Caritas Indonesia
- Established: 17 May 2006; 19 years ago
- Founder: Bishops' Conference of Indonesia
- Type: Nonprofit (foundation)
- Location: Jakarta, Indonesia;
- Coordinates: 6°12′05″S 106°51′06″E﻿ / ﻿6.2014°S 106.8517°E
- Origins: Catholic Social Teaching
- Services: humanitarian aid, development aid, climate change adaptation
- Official language: Indonesian, English
- Affiliations: Caritas Internationalis, Caritas Asia, Humanitarian Forum Indonesia
- Website: www.karina.or.id

= Caritas Indonesia =

Indonesian Catholic relief and development organisation

Caritas Indonesia, also known as the Karina Foundation (Yayasan Karina), is a not-for-profit humanitarian relief and development organisation in Indonesia. It is a service of the country's Catholic Church. Since its establishment, the organisation has been actively engaged in emergency response, disaster risk management, and strengthening community resilience in disaster-prone areas.

Caritas Indonesia is a member of both Caritas Internationalis and Caritas Asia, as well as of the Humanitarian Forum Indonesia.

== History and work ==

The Karina Foundation was officially established on as the official humanitarian agency of the Episcopal Conference of Indonesia. As it is the Indonesian member of Caritas Internationalis, it is also widely known as Caritas Indonesia. It serves as a hub for coordinating, facilitating, and supporting the humanitarian efforts of the Indonesian Catholic Church. Karina is a national organisation with its headquarters in Jakarta, but it collaborates closely with its network of 37 diocesan Caritas organisations and other socio-pastoral commissions to address humanitarian needs. One of the roles of the national office is to offer capacity-building programmes for diocesan Caritas staff and community facilitators.

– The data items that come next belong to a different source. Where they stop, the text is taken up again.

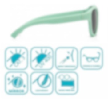 Koolsun Air Greyed Jade tyylikkäät, kestävät aurinkolasit lapsille 0-8 ikävuotta. Koolsun Air-aurinkolasit suojaavat lastasi erinomaisesti auringonvalolta sekä vaaralliseltä UV-sätelyltä, sekä kesällä että talvella. Auronkolasien kehykset ovat valmistettuja kestävästä korkealaatuisesta TPE muovista, niitten Revo- polykarbonaatti-linsseissa on 100% sisäänrakennettu UVA-sekä UVB-säteilyn suoja. Sen takia linssien UV-suojaominaisuus ei vähene käytössä, naarmujen sattuessa.
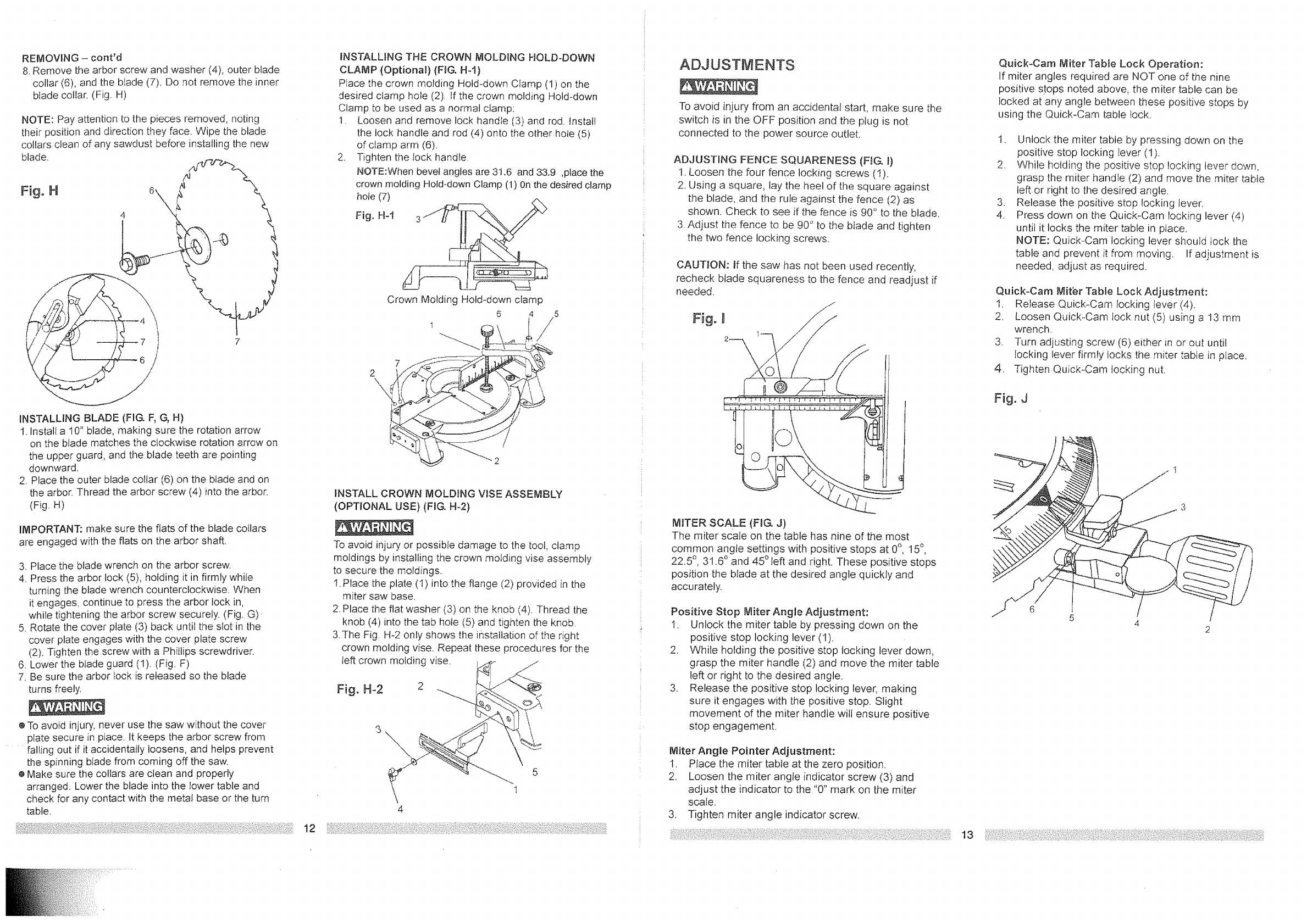 Miter Detent Stops .................. 0, 15, 22-1t2, 31.6,
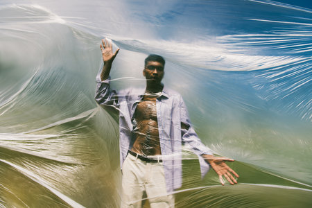 african american man in shirt and necklace standing with closed eyes under cellophane film, banner
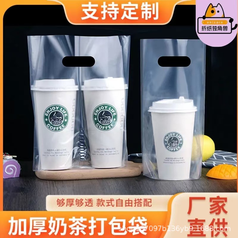 밀크티컵 포장봉투 90구경 두꺼운 밀크티 음료 커피 콜라 휴대용 가방 도매 휴대용 핸드백형

Caritas Indonesia is known for distributing emergency response aid packages after natural disasters, such as earthquakes, tsunamis or volcano eruptions. In addition to humanitarian relief programmes, Caritas Indonesia is implementing different long-term programmes, including on the topics of community-managed disaster risk reduction, climate change adaptation, health and nutrition, as well as programmes supporting migrants and refugees and combatting human trafficking.